Abstract:
A treatment kit having an intraluminal prosthesis that treats an intracorporeal lumen. The kit includes, in addition to the expandable prosthesis, a catheter that is introduced inside the lumen. A radially expanding device and an envelope surround the prosthesis when the prosthesis is in a contracted configuration. Two extremities of the envelope are attached to form a single unit with the catheter. The envelope incorporates a flexible sheath that can form a compressed configuration and an extended configuration. The sheath comes into external contact with an internal wall of the intracorporal lumen and detaches itself from the remainder of the envelope.

Description:
BACKGROUND OF THE INVENTION 
     The present invention relates to the treatment of an intracorporeal lumen, by applying or fitting an intraluminal prosthesis, or endoprosthesis, in said corporeal lumen, for example in an artery or a vein, in the field of angiology. More particularly, the invention relates to a surgical treatment assembly which facilitates the positioning of a vascular endoprosthesis in a blood vessel. 
     According to the methods commonly used in vascular surgery, the fitting of vascular endoprostheses or the like requires the use of an application device. For example, the techniques for introducing and applying endoprostheses, either expandable using a balloon or autoexpansible, are generally well known. 

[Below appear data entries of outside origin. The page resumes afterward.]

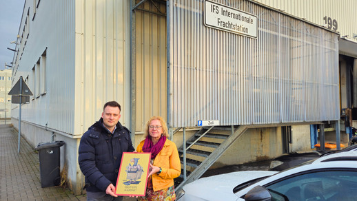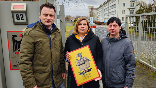 Thomas Liebel (HPR und Bundesvorsitzender) überreicht das Schild für die verlotterte Liegenschaft an die örtlichen BDZ-Personalräte Julia Rabenstein und Ingo Mandel am GZD-Dienstsitz in Berlin-Karlshorst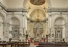 The present church was first erected in the 12th century. Major reconstruction was designed by Antonio Gaspari, and completed in 1730-1736 by Giorgio Massari. The facade was never completed. The church has a large collection of statues by Gaetano Susali, and paintings by Francesco Migliori. It has a Last Supper by Jacopo Tintoretto on the left side of the apse.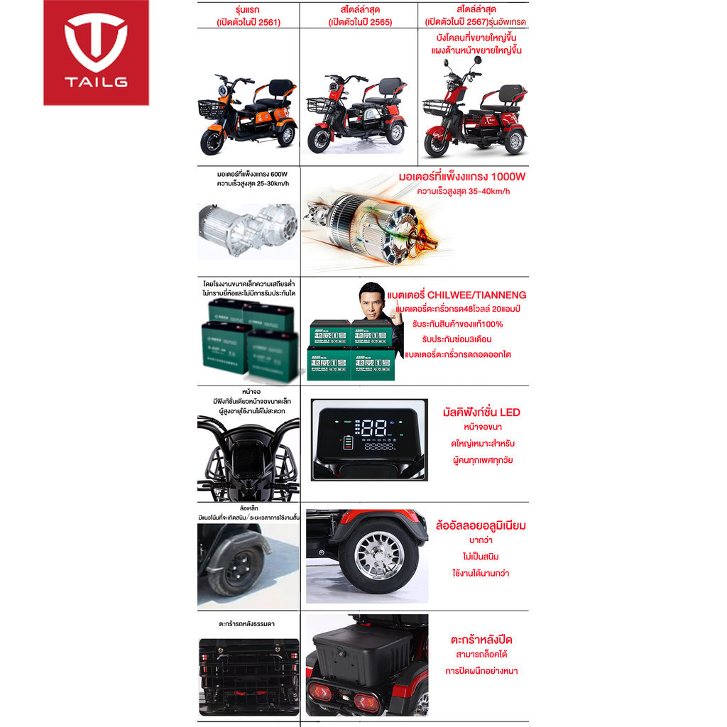 415]TAILG รถไฟฟ้าผู้ใหญ่ 3ล้อ 1000W สามล้อไฟฟ้า จักรยานไฟฟ้า3ลอ 3 ที่นั่ง รถมอเตอร์ไซค์ไฟฟ้าสามล้อ รุ่นใหม่ รับประกัน
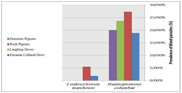 Examination of birds for blood parasites shows that there are infections by two species of blood parasites in examined groups: Haemoproteous columbae and Leukocytozoon marchouxi (Figure 2). Occurrence and prevalence of identified blood parasites of each group are shown in Table 1. There is significant differences between the prevalence of Haemoproteous columbae and Leukocytozoon marchouxi in examined groups, the highest prevalence of Haemoproteous columbae is for Rock pigeons and the lowest prevalence of Haemoproteous columbae is for Domestic Pigeons, also the highest prevalence of Leukocytozoon marchouxi is for Rock pigeons and the lowest prevalence of Leukocytozoon marchouxi is for Domestic pigeons (Figure 3).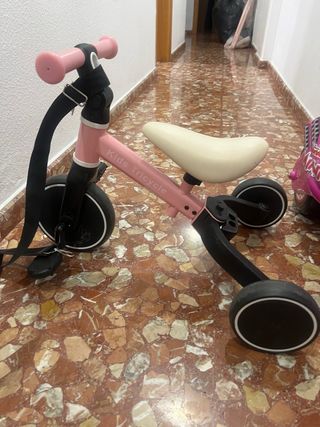 Triciclo infantil con asiento gris y detalles en rosa. - Ruedas negras. - Manillar blanco y rosa. - Reposapiés. - Empuñaduras grises. - Capota para el sol. - Agarre para ayudar al niño a conducir. - Arnés y cinturón para según que edad. - Cesta trasera y bolso. - Todo va por piezas para quitar o poner según la edad.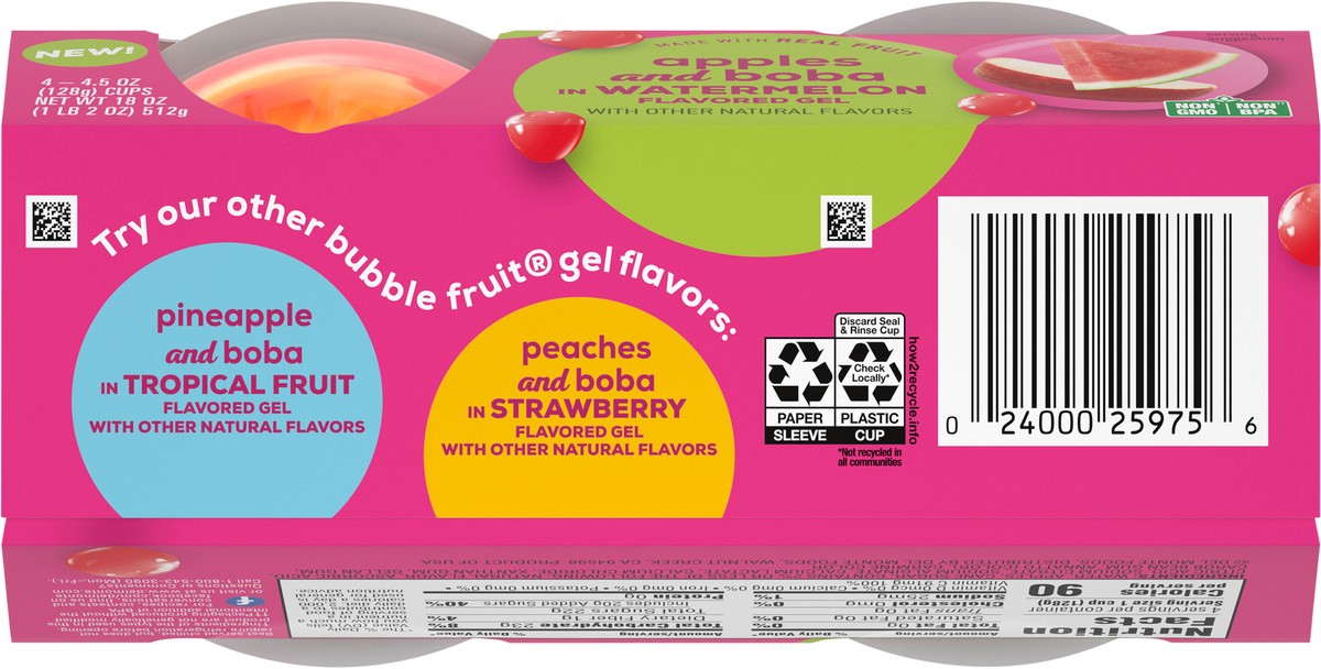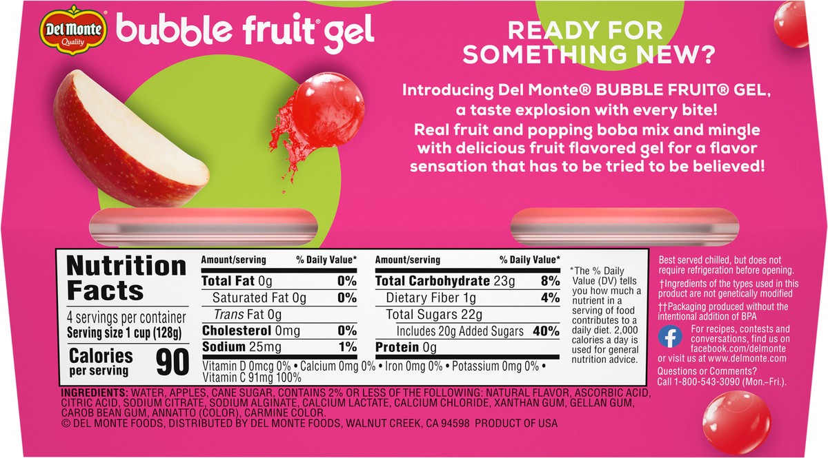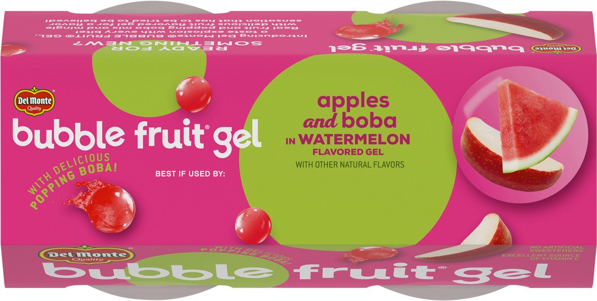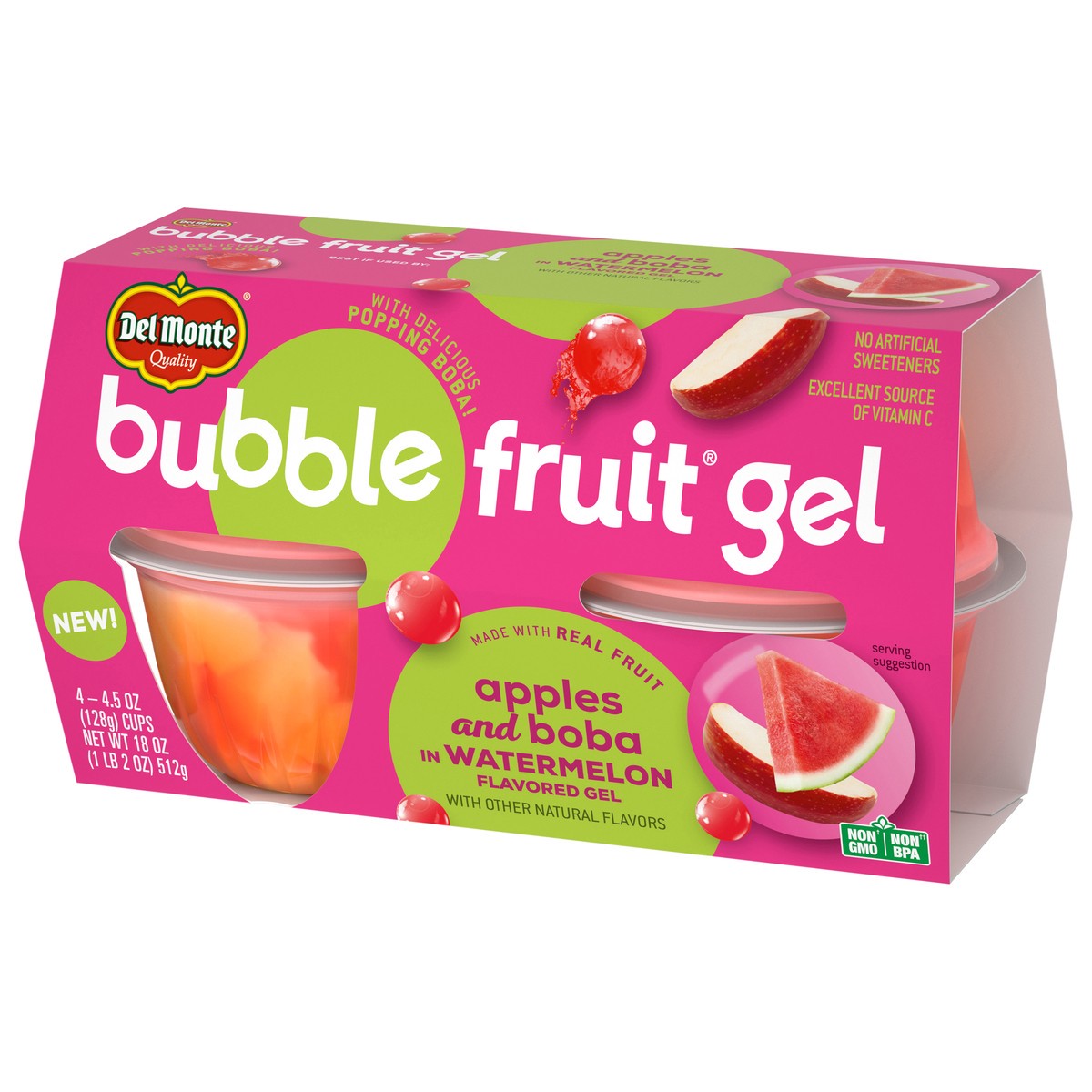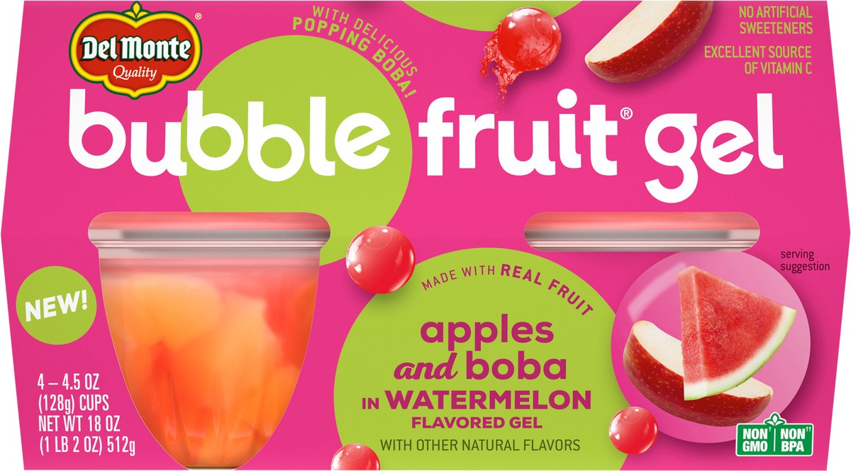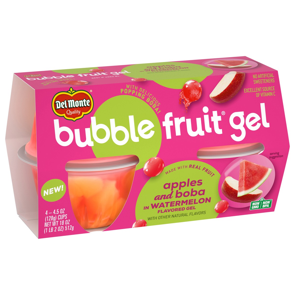 Del Monte Bubble Fruit Apple in Watermelon Gel Fruit Cup Snacks has a taste explosion in every bite! Each Fruit Cup Snack contains real fruit and popping boba with delicious fruit flavored gel for a f…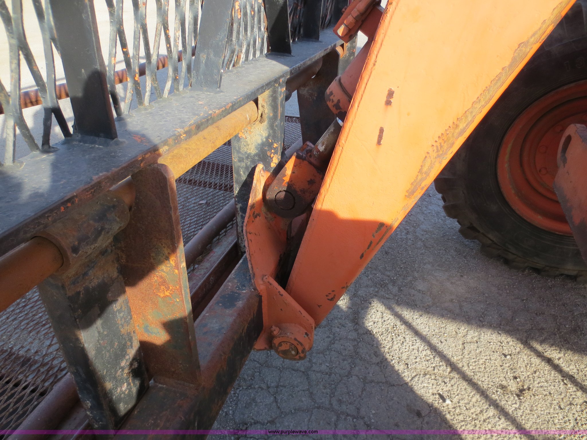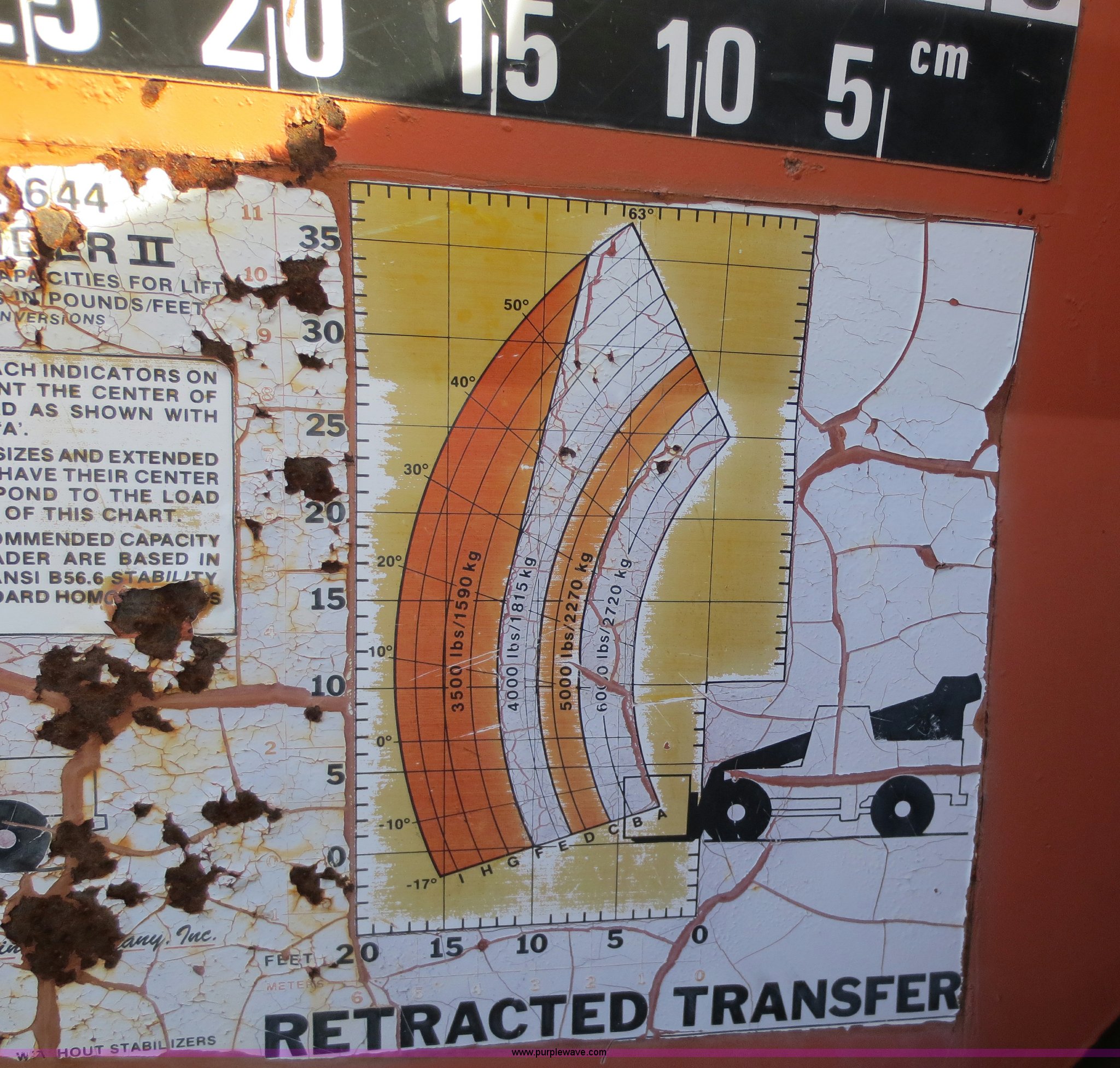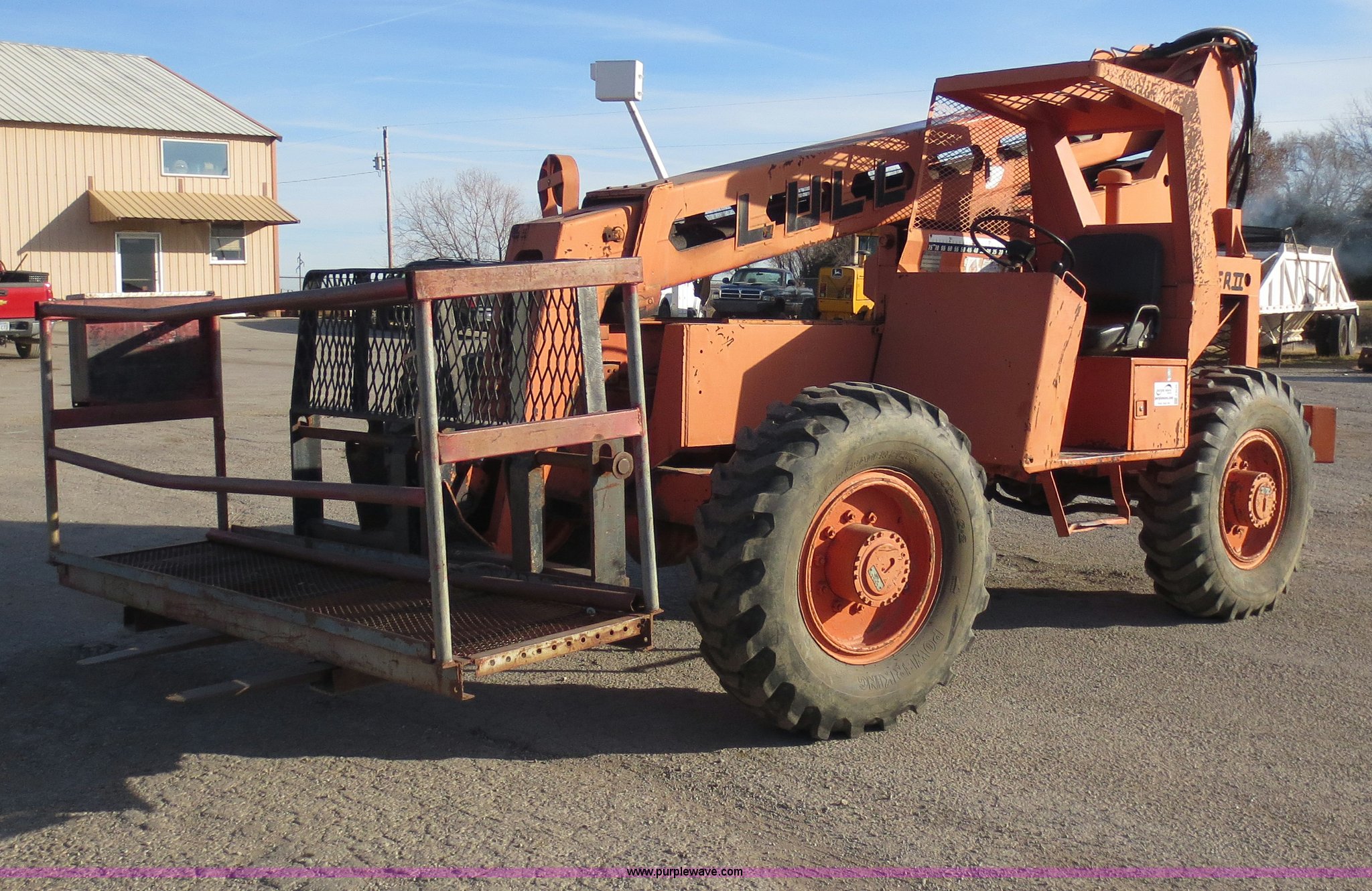 Purple Wave is selling a used Telehandler in Kansas. This item is a 1984 Lull Highlander II 644TT-34 telehandler with the following: 5,649 hours on meter, John Deere 4239 four cylinder diesel engine, Hydrostatic transmission, 3F-3R gears, Crab and circle steer, Four wheel drive, ROPS, 6,000 lb lift capacity, 44' max reach, 48"L forks, Hydraulic leveling, Transverse slide, 9' man lift, 13.00-24 tires, Water pump leak, Oil leaks, Serial JD1322LN

     In the case of an expandable endoprosthesis, it is generally presented in its retracted configuration, on and around an inflatable balloon, introduced intravenously or intra-arterially with the balloon, and thus brought to the site of the lesion or obstruction to be treated. In this position, the balloon is then inflated in order to bring the endoprosthesis into its deployed configuration, and thus treat the lesion or obstruction. The problems often encountered with a system of this type are due to the endoprosthesis being held poorly on the balloon, in particular resulting in the endoprosthesis being detached from the balloon, or premature release of the endoprosthesis which may result in it being positioned incorrectly, as well as the possibility of the balloon being punctured by one of the ends of the prosthesis, which is often made of metal. 
     In the case of an autoexpansible endoprosthesis, generally consisting of a shape-memory material, it is often introduced into the vein or artery in two concentric tubes which overlap, and therefore in its retracted configuration, and withdrawal of the tube releases the endoprosthesis with the result that it expands into the deployed configuration. 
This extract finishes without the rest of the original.